3D Virtual Camera Summary: The ‘viewing’ transformation, the 4x4 matrix that transforms a world-space vertex (x,y,z,w) to its on- screen pixel coordinates (u/w’, v/w’) is the concatenation of 4 matrices: [u] = [Tsviewport][Tpers or Tortho][VIEW][MODEL][x] [v] [y] [n] [z] [w’] [w]

Viewing in WebGL: See gl. lookAt( ) and gl.setLookAt() functions.: Eye point= the center of projection, the VRP, specified in 3D ‘world space’ coordinates Center point= the 3D world-space ‘aiming point’ for the camera. VPN = Center - Eye Up = same as VUP vector.

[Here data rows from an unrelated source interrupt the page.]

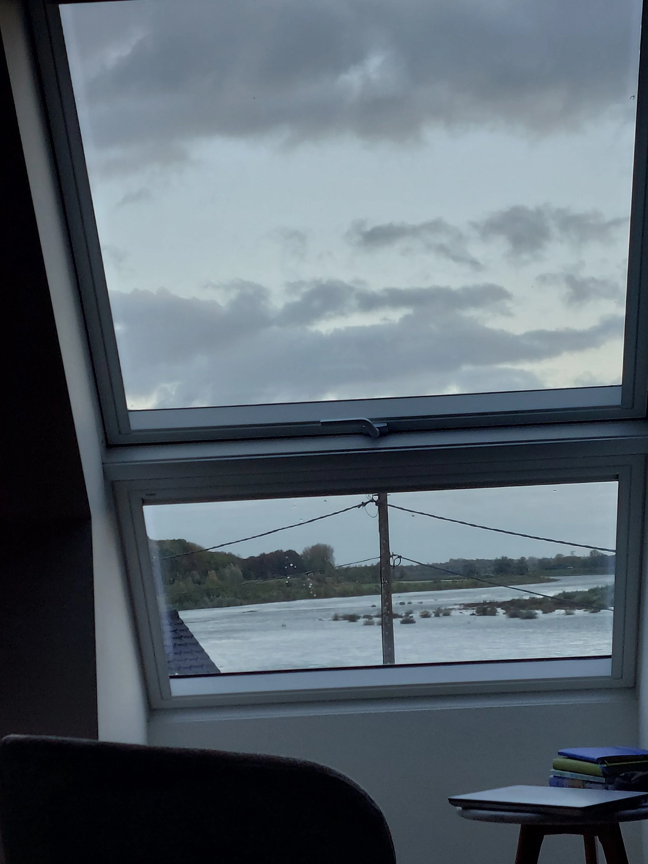 Ik ben een seconde aan jou zijlijn, een zucht, een kleine levensadem in de miljoenen jaren dat jij al stroomt, dat jij je water vervlecht met deze oevers. Zoef zoef daar ga je.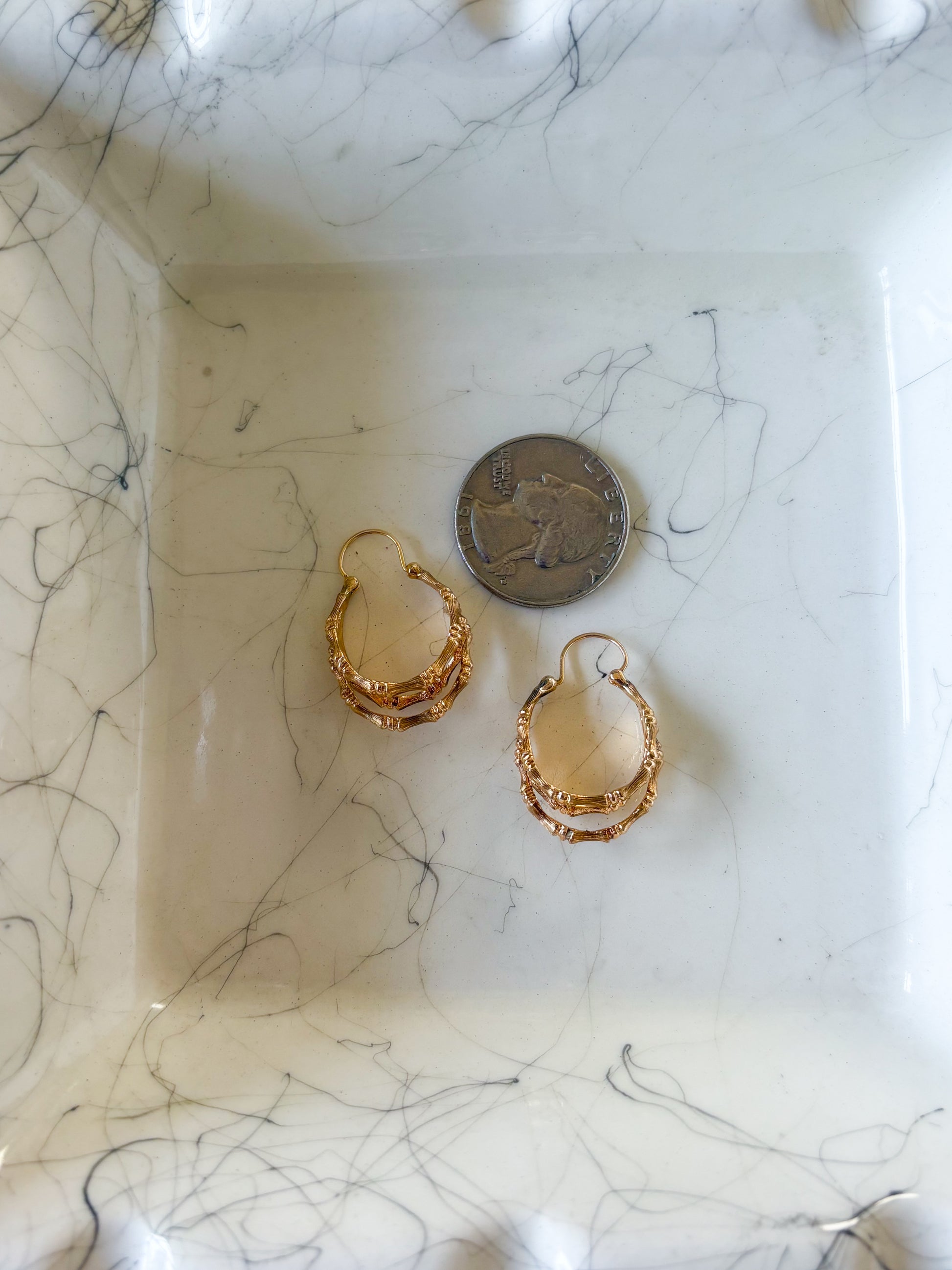 Vintage Three Hoop Bamboo Hoop 14k Yellow Gold Earrings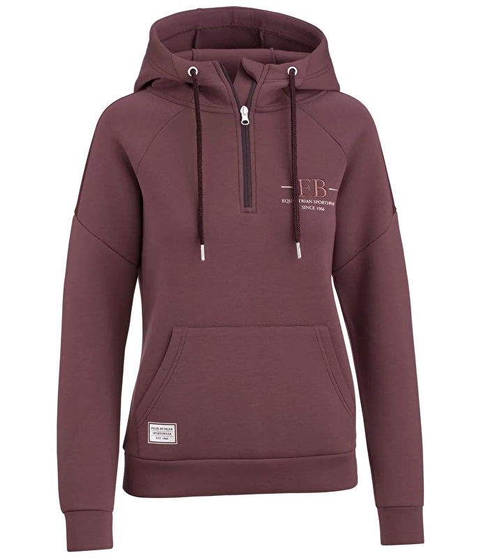 Sportowa bluza z kapturem z regulowanym, wysoko zapinanym zamkiem błyskawicznym, wykonana z elastycznego materiału. Kontrastowe taśmy na rękawach i nadruk z haftem na piersi. Przednia kieszeń typu kangur oraz elastyczne mankiety i dół.
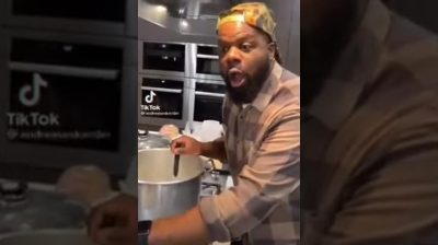 作為廚師做飯, 一個男人假裝把番茄醬扔進他的意大利面.

See gl.perspective() and gl.setPersepective() function: fovy: field-of-view angle in degrees in y direction: determines angle between top and bottom clip planes aspect: ratio of camera image width to camera image height. zNear, zFar = always positive values; be sure zNear < zFar

See gl.Frustum() and gl.setFrustum function: Constructs Tpers matrix as described above; user supplies left, right, top, bottom, near, far values.

See gl.ortho() and gl.setOrtho() function: Constructs orthographic matrix described above; user supplies left, right, bottom, top, near, far values.